6/6/2018 Interesante

Diminuto verde de María Claudia Otsubo, Vinciguerra, Buenos Aires, 2018, 95 pp.

 

La lectura es una cuestión de la óptica, de la luz, íntimamente relacionada con la física.

 

Por:   Ferro Roberto
 

Todo lector, sabiéndolo o no, lleva consigo un aparejo con una amplia variedad de lentes. Dispuesto a leer Diminuto verde de Claudia Otsubo mi elección fue comenzar con una lectura de sobrevuelo, entonces, elegí usar unos binoculares; luego, para una visión en íntima cercanía, una visión que pudiera enfocar el “diminuto” y la microcopia de las líneas de los versos, me serví de una lupa.

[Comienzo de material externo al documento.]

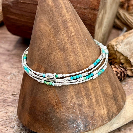 BRACELET femme multi-rang TURQUOISE ON THE ROCKS – perles de turquoise facettées, liquid silver et mini poissons argent 925
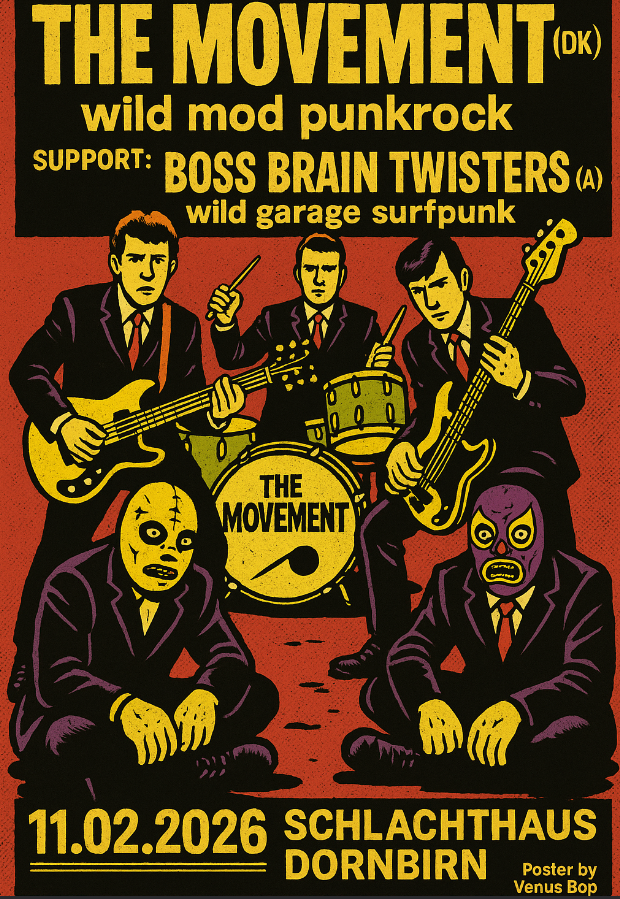 The Movement (DK) Sie sind ein Power-Trio aus Kopenhagen, geprägt vom Sound und der Attitüde von The Jam, The Who und The Clash. In scharfen Anzügen und mit dem Mod-Ethos „Clean Living Under Difficult Circumstances“ verbinden sie Stil mit Haltung. Ihre hochenergetischen Liveshows verwandeln Bühnen in Bewegungsräume – direkt, intensiv und kompromisslos. Gleichzeitig verstehen sie […]
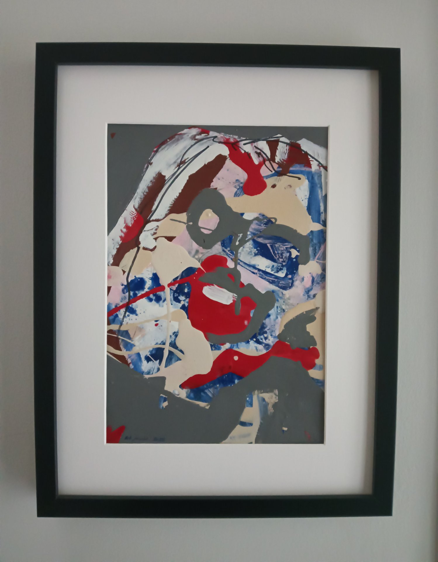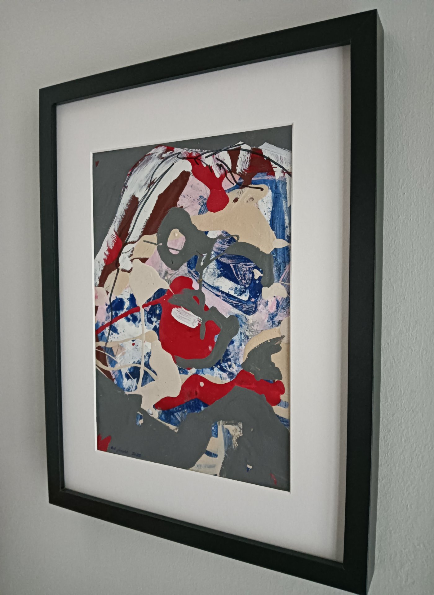Esta obra expresiva enmarcada está hecha con pintura acrílica, pintura de laca y marcador sobre cartón. Las dimensiones son 42 x 32 cm y tiene 3,5 cm de grosor (incluido el passe-partout y el marco negro). La obra en sí mide 29 x 20 cm. Fechada y firmada a mano en 2025. Directamente del estudio en Weert (NL). Si deseas ver más obras mías, visita mi sitio web: www.robjacobs.art

En el sobrevuelo  instalé a Diminuto verde  en el vasto territorio de la escritura de Claudia Otsubo. Territorio atravesado por la temporalidad, la escritura vista en sobrevuelo es siempre un yacimiento inestable.

Los primeros libros de Claudia fueron narraciones: De esto se trata, cuentos, 2001; Mujeres al sol, sábanas al viento, cuentos, 2008;  En distintas direcciones, con otras autoras, cuentos, 2011. En 2012 aparece su primera novela Kawanabe, que supone un punto de inflexión en su escritura, los posibles narrativos y los posibles líricos que constituyen el relato establecen una tensión que derivará en 2016 en la publicación de dos volúmenes, Respiración involuntaria, poemas, y Memoria de un roce, cuentos.

En Diminuto verde es posible, mi lectura de sobrevuelo me habilita para esa tentativa, señalar una imagen lírica que atraviesa los poemas: el viaje, el tránsito, la transfiguración.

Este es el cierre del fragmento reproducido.